Start of Block
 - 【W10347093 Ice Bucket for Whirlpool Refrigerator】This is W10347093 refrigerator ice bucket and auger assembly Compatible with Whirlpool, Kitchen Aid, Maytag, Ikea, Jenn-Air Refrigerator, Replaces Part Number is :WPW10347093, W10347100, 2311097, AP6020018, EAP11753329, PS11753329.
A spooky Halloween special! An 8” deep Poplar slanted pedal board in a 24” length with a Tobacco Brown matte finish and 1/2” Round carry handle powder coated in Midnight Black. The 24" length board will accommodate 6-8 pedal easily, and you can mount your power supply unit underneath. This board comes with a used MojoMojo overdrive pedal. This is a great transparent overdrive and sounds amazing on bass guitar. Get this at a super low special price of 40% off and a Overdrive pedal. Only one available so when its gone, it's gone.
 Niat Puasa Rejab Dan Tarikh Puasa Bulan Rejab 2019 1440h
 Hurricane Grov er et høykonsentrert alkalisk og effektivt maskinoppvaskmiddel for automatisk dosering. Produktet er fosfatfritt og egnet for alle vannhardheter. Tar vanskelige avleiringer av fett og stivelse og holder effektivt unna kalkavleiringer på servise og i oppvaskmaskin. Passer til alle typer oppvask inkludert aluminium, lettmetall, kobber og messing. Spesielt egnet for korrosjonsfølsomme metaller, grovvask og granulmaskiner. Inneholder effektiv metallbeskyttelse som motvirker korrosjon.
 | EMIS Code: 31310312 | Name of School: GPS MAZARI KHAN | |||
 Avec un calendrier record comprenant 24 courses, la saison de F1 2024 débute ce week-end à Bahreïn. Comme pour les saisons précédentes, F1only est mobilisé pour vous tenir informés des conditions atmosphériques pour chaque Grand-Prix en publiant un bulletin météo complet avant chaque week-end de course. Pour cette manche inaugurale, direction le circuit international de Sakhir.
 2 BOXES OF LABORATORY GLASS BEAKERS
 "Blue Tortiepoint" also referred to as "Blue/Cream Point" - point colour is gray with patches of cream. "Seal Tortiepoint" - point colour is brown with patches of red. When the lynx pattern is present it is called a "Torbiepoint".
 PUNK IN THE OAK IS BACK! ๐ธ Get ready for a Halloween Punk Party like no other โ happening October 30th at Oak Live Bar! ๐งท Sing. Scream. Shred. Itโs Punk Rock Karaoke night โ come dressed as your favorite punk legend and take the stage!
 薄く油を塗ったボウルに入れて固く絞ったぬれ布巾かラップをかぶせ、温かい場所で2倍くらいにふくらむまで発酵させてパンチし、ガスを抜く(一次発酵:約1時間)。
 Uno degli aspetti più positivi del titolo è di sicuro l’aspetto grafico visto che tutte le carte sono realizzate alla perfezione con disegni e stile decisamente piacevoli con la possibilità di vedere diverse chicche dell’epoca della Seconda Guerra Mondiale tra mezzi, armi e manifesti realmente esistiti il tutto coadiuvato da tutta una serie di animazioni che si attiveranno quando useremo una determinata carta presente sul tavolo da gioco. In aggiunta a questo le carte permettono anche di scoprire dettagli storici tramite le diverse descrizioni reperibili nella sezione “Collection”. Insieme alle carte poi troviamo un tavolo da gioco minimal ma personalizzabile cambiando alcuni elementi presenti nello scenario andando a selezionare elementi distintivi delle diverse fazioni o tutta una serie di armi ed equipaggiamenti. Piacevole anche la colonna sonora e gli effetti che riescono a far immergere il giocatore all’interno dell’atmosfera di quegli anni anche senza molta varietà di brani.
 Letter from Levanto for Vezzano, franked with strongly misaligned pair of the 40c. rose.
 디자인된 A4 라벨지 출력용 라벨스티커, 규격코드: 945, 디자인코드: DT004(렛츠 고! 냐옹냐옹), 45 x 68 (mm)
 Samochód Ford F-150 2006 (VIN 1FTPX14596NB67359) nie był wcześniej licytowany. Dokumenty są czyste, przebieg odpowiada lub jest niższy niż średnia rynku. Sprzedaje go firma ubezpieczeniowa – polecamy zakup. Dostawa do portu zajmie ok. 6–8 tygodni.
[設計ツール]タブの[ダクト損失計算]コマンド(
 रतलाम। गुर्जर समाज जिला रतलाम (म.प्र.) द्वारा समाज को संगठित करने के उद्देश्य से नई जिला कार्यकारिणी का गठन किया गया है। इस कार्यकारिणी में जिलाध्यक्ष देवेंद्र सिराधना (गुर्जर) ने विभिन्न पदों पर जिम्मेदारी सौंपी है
End of Block
**TRY IT:** Every entry in the listing above is to be repeated verbatim.

**ANSWER TO THE EXERCISE:**
 - 【W10347093 Ice Bucket for Whirlpool Refrigerator】This is W10347093 refrigerator ice bucket and auger assembly Compatible with Whirlpool, Kitchen Aid, Maytag, Ikea, Jenn-Air Refrigerator, Replaces Part Number is :WPW10347093, W10347100, 2311097, AP6020018, EAP11753329, PS11753329.
A spooky Halloween special! An 8” deep Poplar slanted pedal board in a 24” length with a Tobacco Brown matte finish and 1/2” Round carry handle powder coated in Midnight Black. The 24" length board will accommodate 6-8 pedal easily, and you can mount your power supply unit underneath. This board comes with a used MojoMojo overdrive pedal. This is a great transparent overdrive and sounds amazing on bass guitar. Get this at a super low special price of 40% off and a Overdrive pedal. Only one available so when its gone, it's gone.
 Niat Puasa Rejab Dan Tarikh Puasa Bulan Rejab 2019 1440h
 Hurricane Grov er et høykonsentrert alkalisk og effektivt maskinoppvaskmiddel for automatisk dosering. Produktet er fosfatfritt og egnet for alle vannhardheter. Tar vanskelige avleiringer av fett og stivelse og holder effektivt unna kalkavleiringer på servise og i oppvaskmaskin. Passer til alle typer oppvask inkludert aluminium, lettmetall, kobber og messing. Spesielt egnet for korrosjonsfølsomme metaller, grovvask og granulmaskiner. Inneholder effektiv metallbeskyttelse som motvirker korrosjon.
 | EMIS Code: 31310312 | Name of School: GPS MAZARI KHAN | |||
 Avec un calendrier record comprenant 24 courses, la saison de F1 2024 débute ce week-end à Bahreïn. Comme pour les saisons précédentes, F1only est mobilisé pour vous tenir informés des conditions atmosphériques pour chaque Grand-Prix en publiant un bulletin météo complet avant chaque week-end de course. Pour cette manche inaugurale, direction le circuit international de Sakhir.
 2 BOXES OF LABORATORY GLASS BEAKERS
 "Blue Tortiepoint" also referred to as "Blue/Cream Point" - point colour is gray with patches of cream. "Seal Tortiepoint" - point colour is brown with patches of red. When the lynx pattern is present it is called a "Torbiepoint".
 PUNK IN THE OAK IS BACK! ๐ธ Get ready for a Halloween Punk Party like no other โ happening October 30th at Oak Live Bar! ๐งท Sing. Scream. Shred. Itโs Punk Rock Karaoke night โ come dressed as your favorite punk legend and take the stage!
 薄く油を塗ったボウルに入れて固く絞ったぬれ布巾かラップをかぶせ、温かい場所で2倍くらいにふくらむまで発酵させてパンチし、ガスを抜く(一次発酵:約1時間)。
 Uno degli aspetti più positivi del titolo è di sicuro l’aspetto grafico visto che tutte le carte sono realizzate alla perfezione con disegni e stile decisamente piacevoli con la possibilità di vedere diverse chicche dell’epoca della Seconda Guerra Mondiale tra mezzi, armi e manifesti realmente esistiti il tutto coadiuvato da tutta una serie di animazioni che si attiveranno quando useremo una determinata carta presente sul tavolo da gioco. In aggiunta a questo le carte permettono anche di scoprire dettagli storici tramite le diverse descrizioni reperibili nella sezione “Collection”. Insieme alle carte poi troviamo un tavolo da gioco minimal ma personalizzabile cambiando alcuni elementi presenti nello scenario andando a selezionare elementi distintivi delle diverse fazioni o tutta una serie di armi ed equipaggiamenti. Piacevole anche la colonna sonora e gli effetti che riescono a far immergere il giocatore all’interno dell’atmosfera di quegli anni anche senza molta varietà di brani.
 Letter from Levanto for Vezzano, franked with strongly misaligned pair of the 40c. rose.
 디자인된 A4 라벨지 출력용 라벨스티커, 규격코드: 945, 디자인코드: DT004(렛츠 고! 냐옹냐옹), 45 x 68 (mm)
 Samochód Ford F-150 2006 (VIN 1FTPX14596NB67359) nie był wcześniej licytowany. Dokumenty są czyste, przebieg odpowiada lub jest niższy niż średnia rynku. Sprzedaje go firma ubezpieczeniowa – polecamy zakup. Dostawa do portu zajmie ok. 6–8 tygodni.
[設計ツール]タブの[ダクト損失計算]コマンド(
 रतलाम। गुर्जर समाज जिला रतलाम (म.प्र.) द्वारा समाज को संगठित करने के उद्देश्य से नई जिला कार्यकारिणी का गठन किया गया है। इस कार्यकारिणी में जिलाध्यक्ष देवेंद्र सिराधना (गुर्जर) ने विभिन्न पदों पर जिम्मेदारी सौंपी है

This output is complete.